Kebijakan tersebut sempat menyebabkan operasional tambang berhenti beroperasi. Hal tersebut berimbas pada industri turunan tambang, seperti transportasi, logistik, akomodasi dan lain lain juga mengalami penurunan pendapatan.
“Akibatnya repayment capacity dari para pegawai untuk membayar KPR jadi terhambat,” ujarnya.
Adapun kebijakan kedua yang berpengaruh ke KPR adalah himbauan bagi instansi pemerintah dan BUMN untuk tidak melakukan rapat di hotel.

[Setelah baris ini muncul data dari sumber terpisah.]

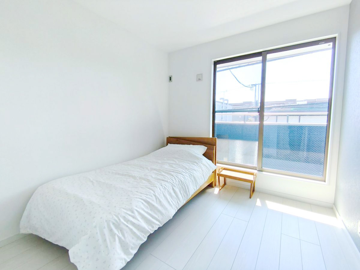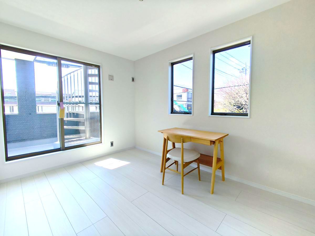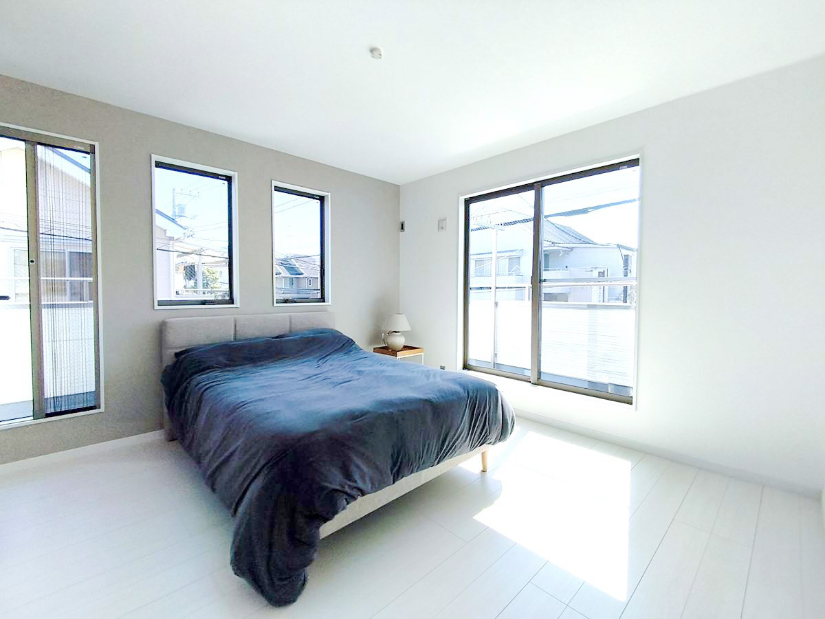 南に面した8帖の主寝室。ナチュラルな色合いのフローリングは明るく清潔感のある空間に。 ■国立市中2 新築一戸建て■

Hal ini menyebabkan pendapatan hotel turun signifikan dan berimbas kepada supplier barang dan jasa perhotelan.
Akibatnya, pendapatan para pegawai yang terkait di industri jadi berkurang sehingga pembayaran cicilan KPR pun terhambat. “Selain itu juga ada masalah akibat kenaikan harga BBM yang menurunkan daya beli masyarakat,” jelasnya.
Sementara itu, kenaikan suku bunga KPR yang dipicu oleh naiknya BI Rate sebesar 200 basispoint hingga sempat menyentuh 7,75 persen menurut Causa tidak banyak berpengaruh terhadap NPL.
“Kalau BI Rate pengaruhnya tidak terlalu tinggi karena transmisinya tidak terlalu cepat,” jelasnya.
Causa optimistis NPL di pembiayaan perumahan dapat ditekan setelah industri pertambangan dan perhotelah beroperasi normal. “Itu hanya shock saja karena industri tambang sudah mulai beroperasi dan sudah tidak ada larangan rapat di hotel,” jelasnya.
Sementara itu, Ketua Persatuan Perusahaan Real Estate Indonesia (REI) Sulsel Arief Mone mengatakan industri properti di Sulawesi Selatan pada 2015 diyakini bakal tetap cerah dengan kecenderungan pertumbuhan pada segmen hunian menengah ke atas.
Dia menjelaskan pertumbuhan ekonomi Sulsel yang diproyeksi berada pada kisaran 7,5-8,5 persen pada tahun ini diyakni bakal diikuti oleh gairah sektor properti yang mampu tumbuh sekitar 15 persen.
"Rumah dengan segmen menengah ke atas cenderung menjadi prioritas bisnis kami di REI, apalagi landed house masih menjadi primadona," ujarnya kepada Bisnis belum lama ini.